The problem. In your copy of the data, keep every word exact and include no pictures.

---------- Entries shown

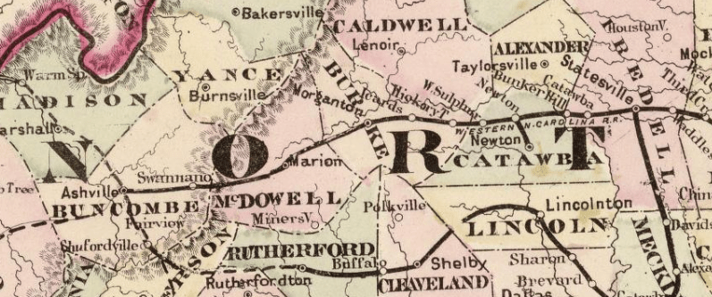 The route also closely follows the former tracks of the Western North Carolina Railroad.
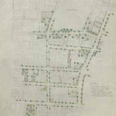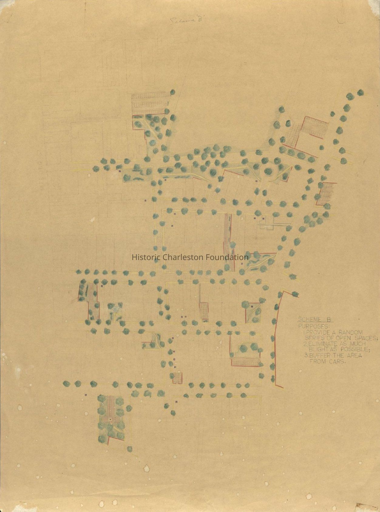 Sheet 4: Scheme B. "Purposes: provide a random series of open spaces; eliminate as much blight as possible; buffer the area from cars."
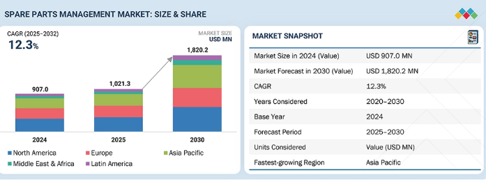 スペアパーツ管理市場は、2025年の10億2130万米ドルから2030年までに18億2020万米ドルに達すると予測されており、年平均成長率(CAGR)は12.3%となる見込みです。スペアパーツ管理市場の成長は、MRO(保守・修理・オーバーホール)業務の拡大、リアルタイム在庫最適化のニーズ、高度なサービスパーツ計画への移行によって牽引されている。企業は、部品の可用性向上、サービス遅延の削減、グローバルサービスネットワーク全体でのサプライチェーン可視性の強化を図るため、AIを活用した需要予測、予知保全、インテリジェント在庫管理を導入している。
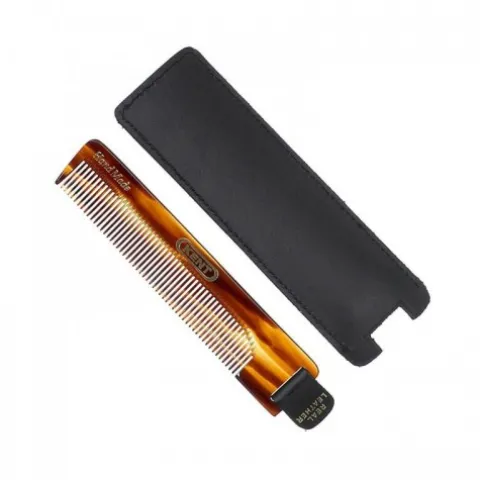 KENT NU 22 CASE – męski grzebień kieszonkowy ze skórzaną wstawką. Przeznaczony do rozczesywania krótkich włosów.
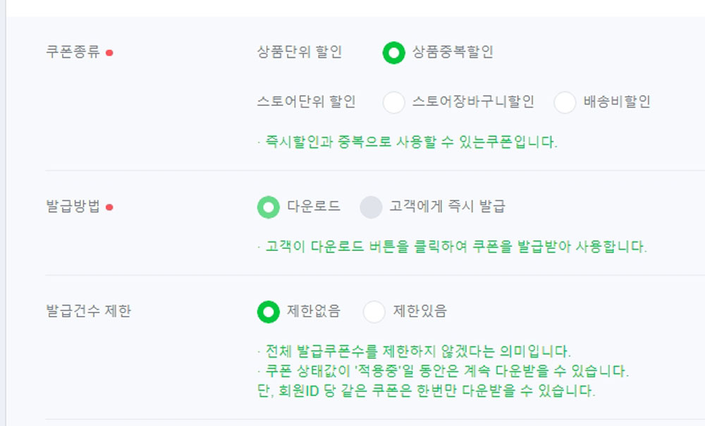 저는 어차피 회원ID 당 같은 쿠폰은 한번만 다운받을 수 있으니 ‘제한없음’에 체크를 했어요.
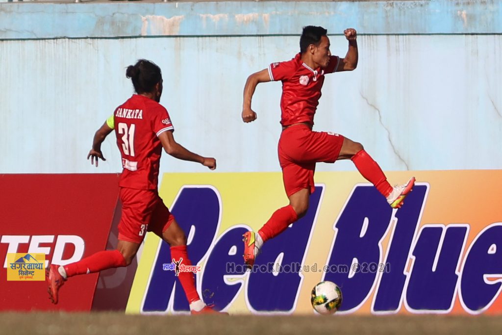त्रिपुरेश्वरस्थित दशरथ रंगशालमा आइतबार भएको खेलको १२औं मिनेटमा उत्तम राईले गोल गर्दै संकटालाई १–० को अग्रता दिलाए । जोर्डन जुनियर ओओनाको क्रसमा अनमार्क रहेका शक्तिले हेडमार्फत गोल गर्दा बिबिसीका गोलरक्षक पुर्ण चेम्जोङले रोक्ने कुनै मौका पाएन ।
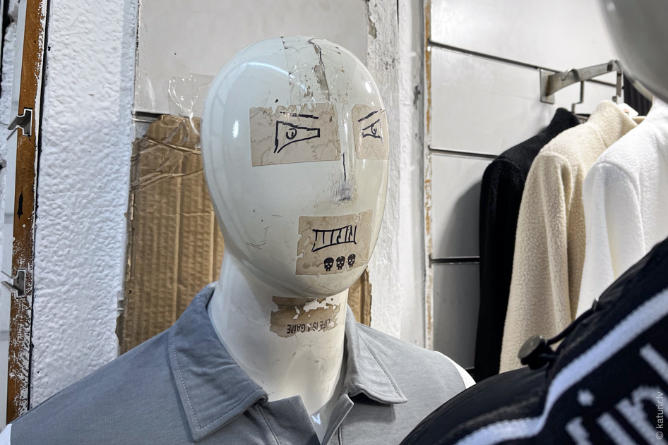 Aci priecē arī ar roku gleznots tirdzniecības stendu noformējums.
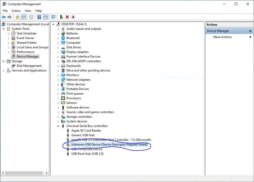 Cannot restore iPhone 5S, error unknown usb device (device descriptor request failed)
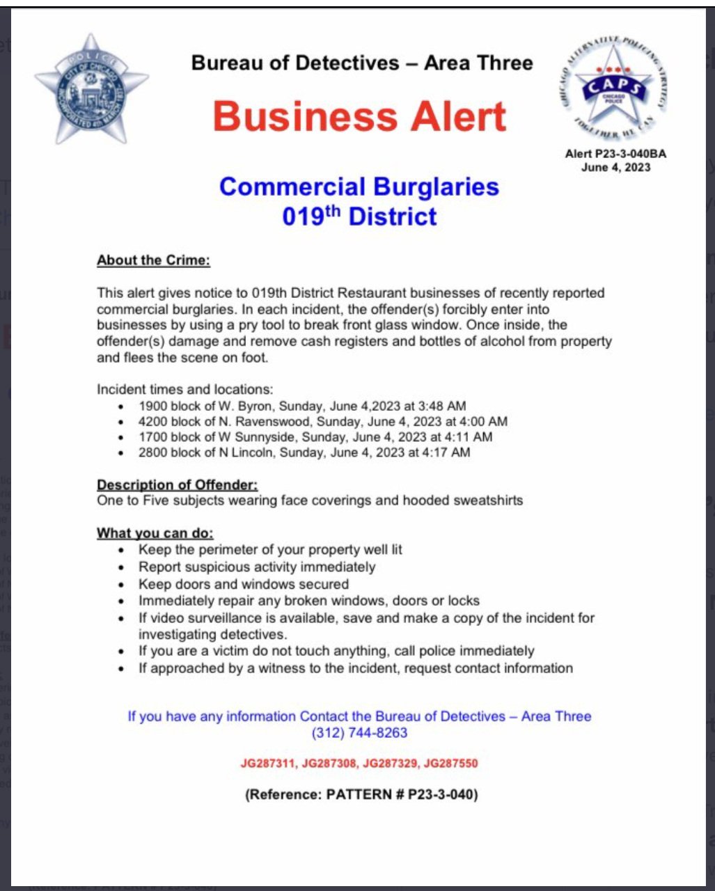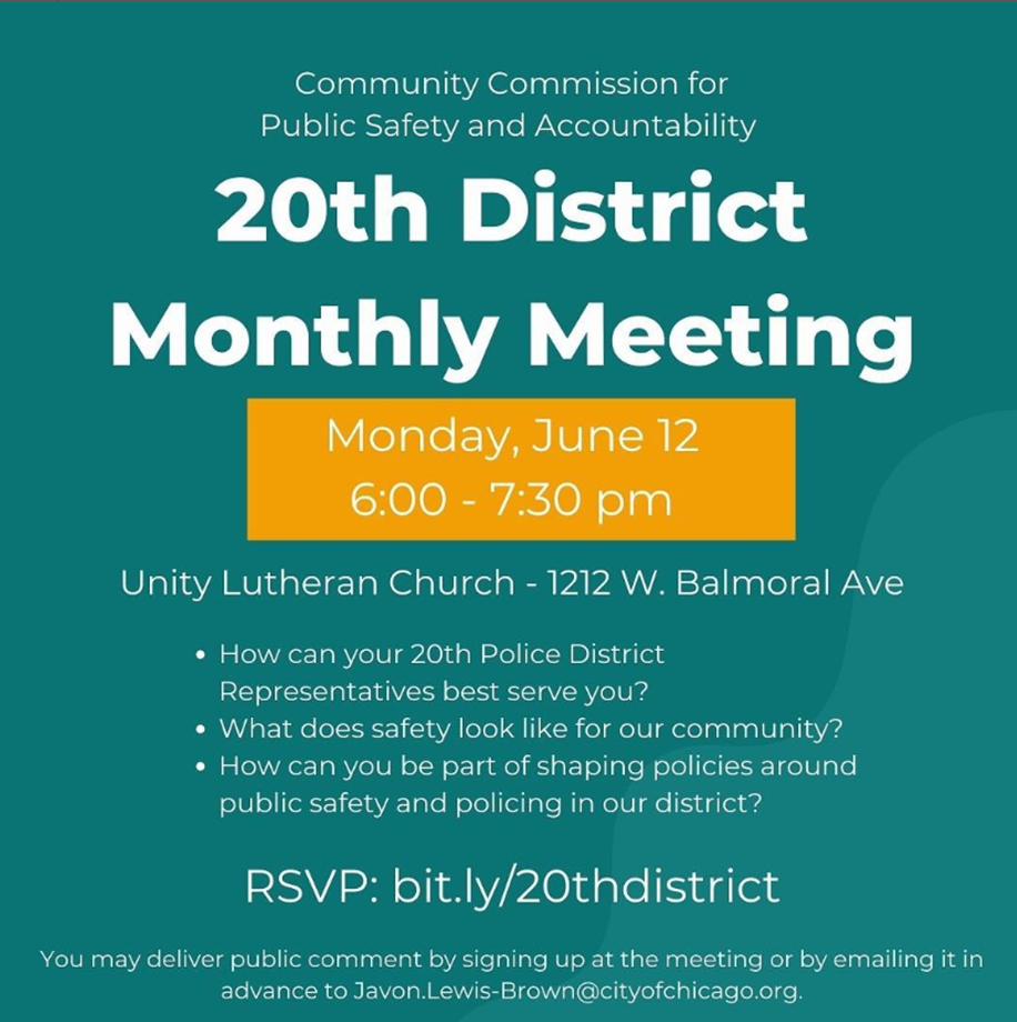 The 20th Police District Council is holding their second monthly meeting next Monday, June 12th, at 6PM at Unity Lutheran Church at 1212 W. Balmoral Ave. We encourage residents to attend the meeting and get involved in building a safer and more accountable community. You can RSVP here. | |
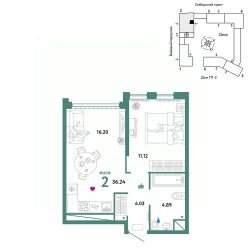 Продается 2комнатная квартира на 26 этаже от застройщика Страна Девелопмент. Площадь квартиры 36,24 кв. м. Стоимость указана без учета акций.
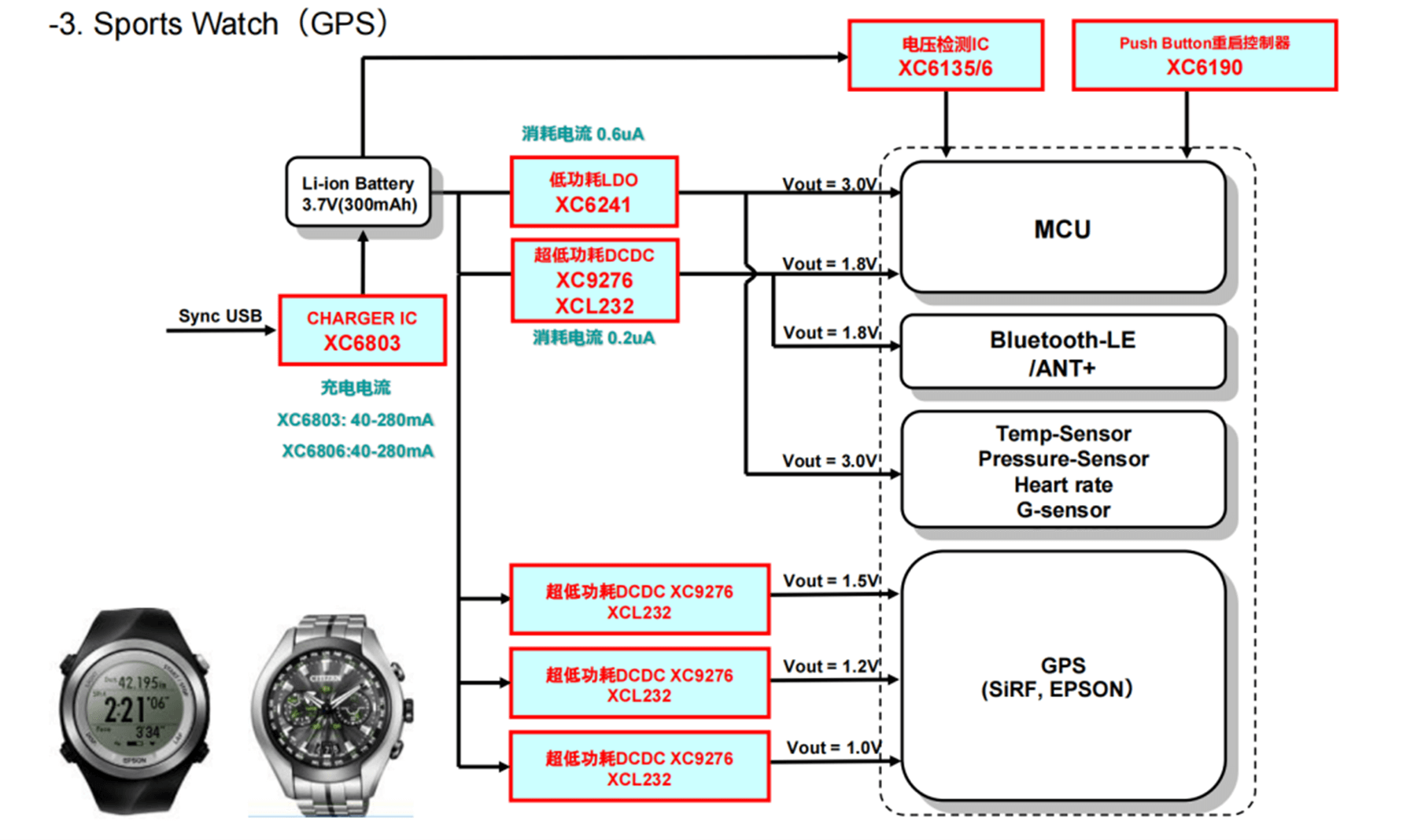 另外此產(chǎn)品中也有電壓檢測(cè)器XC6126系列和電源穩(wěn)壓芯片XC6504系列的機(jī)會(huì)。XC6126系列產(chǎn)品是超小型, 高精度電壓檢測(cè)器IC。由于采用了CMOS工藝, 高精度基準(zhǔn)電源, 激光微調(diào)技術(shù)實(shí)現(xiàn)了包括溫度漂移在內(nèi)的高精度, 低消耗電流。有N溝道開(kāi)漏和CMOS兩種輸出。備有USPN-4B02及SSOT-24兩種超小型封裝,適用于便攜式儀器的小型化, 高密度實(shí)裝產(chǎn)品。XC6504系列產(chǎn)品實(shí)現(xiàn)了0.6μA超低消耗電流的電壓穩(wěn)壓器。此外,在輸出電流為1μA(輕負(fù)載)時(shí),也能得到穩(wěn)定的電壓,最適用于只需少量輸出電流的應(yīng)用目的。加上采用了0.75×0.95 mm的超小型封裝USPN-4B02,對(duì)應(yīng)了無(wú)穩(wěn)定輸出用電容(CL),可以大幅度減少實(shí)裝面積,非常符合小型化產(chǎn)品的需求。
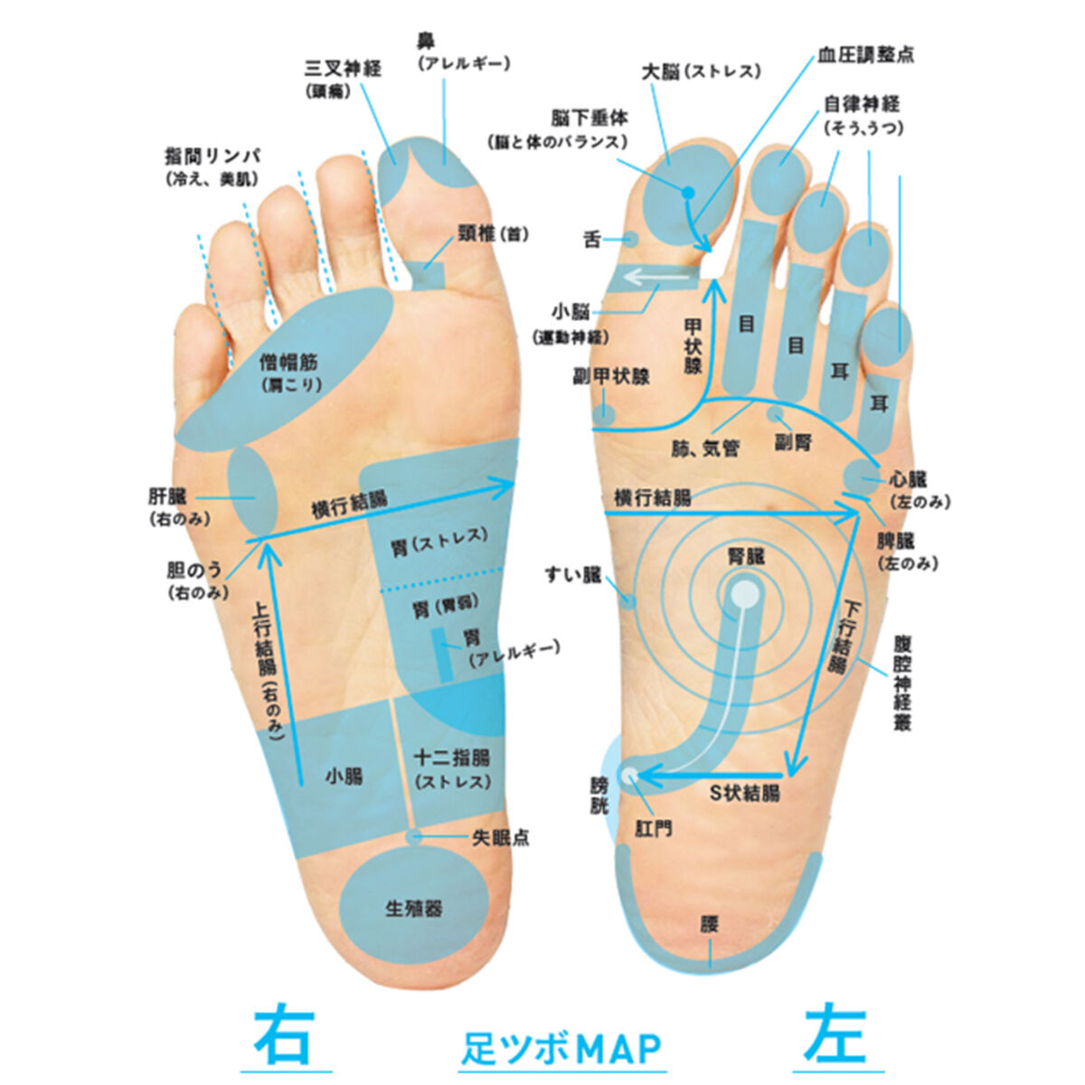 足裏には約60~70もの反射区(つぼ)があり、体のどこかが不調になると足裏のつぼが硬くなったり、カサカサしたり、押すと痛みを感じたりします。
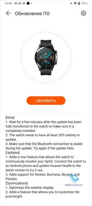 Время заряда часов Huawei – примерно 2.5 часа, часов Honor – около 4 часов. Фитнес-функции, здоровьеПо сути, перед вами типичные часы Huawei/Honor почти без изменений программного обеспечения. То есть здесь не исправили анимацию – она по-прежнему с небольшим количеством кадров и лагающим скроллингом списка. Лично меня это немного раздражает. Я готов лишиться пары дней работы устройства, но получить хотя бы 20-25 к/с анимации без тормозов.
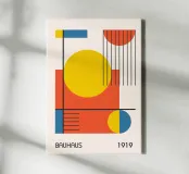 Een dynamische en klassieke digitale poster ter ere van de oprichting van Bauhaus in 1919. De compositie bestaat uit een asymmetrische opstelling van grote geometrische vormen - cirkels en rechthoeken - in het iconische, op primaire vormen geĆÆnspireerde kleurenpalet van rood-oranje, blauw en geel. Dikke zwarte lijnen zorgen voor een duidelijke structuur, terwijl fijne verticale en horizontale lijnen diepte en textuur toevoegen aan delen van het ontwerp. Dit werk is een krachtig voorbeeld van minimalistisch modernistische en op De Stijl geĆÆnspireerde kunst. Deze eersteklas digitale download heeft 7000x5000 pixels bij 300 dpi, wat zorgt voor uitzonderlijke helderheid en superieure afdrukkwaliteit.

--------------------

Result of this task.
 The route also closely follows the former tracks of the Western North Carolina Railroad.
 Sheet 4: Scheme B. "Purposes: provide a random series of open spaces; eliminate as much blight as possible; buffer the area from cars."
 スペアパーツ管理市場は、2025年の10億2130万米ドルから2030年までに18億2020万米ドルに達すると予測されており、年平均成長率(CAGR)は12.3%となる見込みです。スペアパーツ管理市場の成長は、MRO(保守・修理・オーバーホール)業務の拡大、リアルタイム在庫最適化のニーズ、高度なサービスパーツ計画への移行によって牽引されている。企業は、部品の可用性向上、サービス遅延の削減、グローバルサービスネットワーク全体でのサプライチェーン可視性の強化を図るため、AIを活用した需要予測、予知保全、インテリジェント在庫管理を導入している。
 KENT NU 22 CASE – męski grzebień kieszonkowy ze skórzaną wstawką. Przeznaczony do rozczesywania krótkich włosów.
 저는 어차피 회원ID 당 같은 쿠폰은 한번만 다운받을 수 있으니 ‘제한없음’에 체크를 했어요.
त्रिपुरेश्वरस्थित दशरथ रंगशालमा आइतबार भएको खेलको १२औं मिनेटमा उत्तम राईले गोल गर्दै संकटालाई १–० को अग्रता दिलाए । जोर्डन जुनियर ओओनाको क्रसमा अनमार्क रहेका शक्तिले हेडमार्फत गोल गर्दा बिबिसीका गोलरक्षक पुर्ण चेम्जोङले रोक्ने कुनै मौका पाएन ।
 Aci priecē arī ar roku gleznots tirdzniecības stendu noformējums.
 Cannot restore iPhone 5S, error unknown usb device (device descriptor request failed)
 The 20th Police District Council is holding their second monthly meeting next Monday, June 12th, at 6PM at Unity Lutheran Church at 1212 W. Balmoral Ave. We encourage residents to attend the meeting and get involved in building a safer and more accountable community. You can RSVP here. | |
 Продается 2комнатная квартира на 26 этаже от застройщика Страна Девелопмент. Площадь квартиры 36,24 кв. м. Стоимость указана без учета акций.
 另外此產(chǎn)品中也有電壓檢測(cè)器XC6126系列和電源穩(wěn)壓芯片XC6504系列的機(jī)會(huì)。XC6126系列產(chǎn)品是超小型, 高精度電壓檢測(cè)器IC。由于采用了CMOS工藝, 高精度基準(zhǔn)電源, 激光微調(diào)技術(shù)實(shí)現(xiàn)了包括溫度漂移在內(nèi)的高精度, 低消耗電流。有N溝道開(kāi)漏和CMOS兩種輸出。備有USPN-4B02及SSOT-24兩種超小型封裝,適用于便攜式儀器的小型化, 高密度實(shí)裝產(chǎn)品。XC6504系列產(chǎn)品實(shí)現(xiàn)了0.6μA超低消耗電流的電壓穩(wěn)壓器。此外,在輸出電流為1μA(輕負(fù)載)時(shí),也能得到穩(wěn)定的電壓,最適用于只需少量輸出電流的應(yīng)用目的。加上采用了0.75×0.95 mm的超小型封裝USPN-4B02,對(duì)應(yīng)了無(wú)穩(wěn)定輸出用電容(CL),可以大幅度減少實(shí)裝面積,非常符合小型化產(chǎn)品的需求。
 足裏には約60~70もの反射区(つぼ)があり、体のどこかが不調になると足裏のつぼが硬くなったり、カサカサしたり、押すと痛みを感じたりします。
 Время заряда часов Huawei – примерно 2.5 часа, часов Honor – около 4 часов. Фитнес-функции, здоровьеПо сути, перед вами типичные часы Huawei/Honor почти без изменений программного обеспечения. То есть здесь не исправили анимацию – она по-прежнему с небольшим количеством кадров и лагающим скроллингом списка. Лично меня это немного раздражает. Я готов лишиться пары дней работы устройства, но получить хотя бы 20-25 к/с анимации без тормозов.
 Een dynamische en klassieke digitale poster ter ere van de oprichting van Bauhaus in 1919. De compositie bestaat uit een asymmetrische opstelling van grote geometrische vormen - cirkels en rechthoeken - in het iconische, op primaire vormen geĆÆnspireerde kleurenpalet van rood-oranje, blauw en geel. Dikke zwarte lijnen zorgen voor een duidelijke structuur, terwijl fijne verticale en horizontale lijnen diepte en textuur toevoegen aan delen van het ontwerp. Dit werk is een krachtig voorbeeld van minimalistisch modernistische en op De Stijl geĆÆnspireerde kunst. Deze eersteklas digitale download heeft 7000x5000 pixels bij 300 dpi, wat zorgt voor uitzonderlijke helderheid en superieure afdrukkwaliteit.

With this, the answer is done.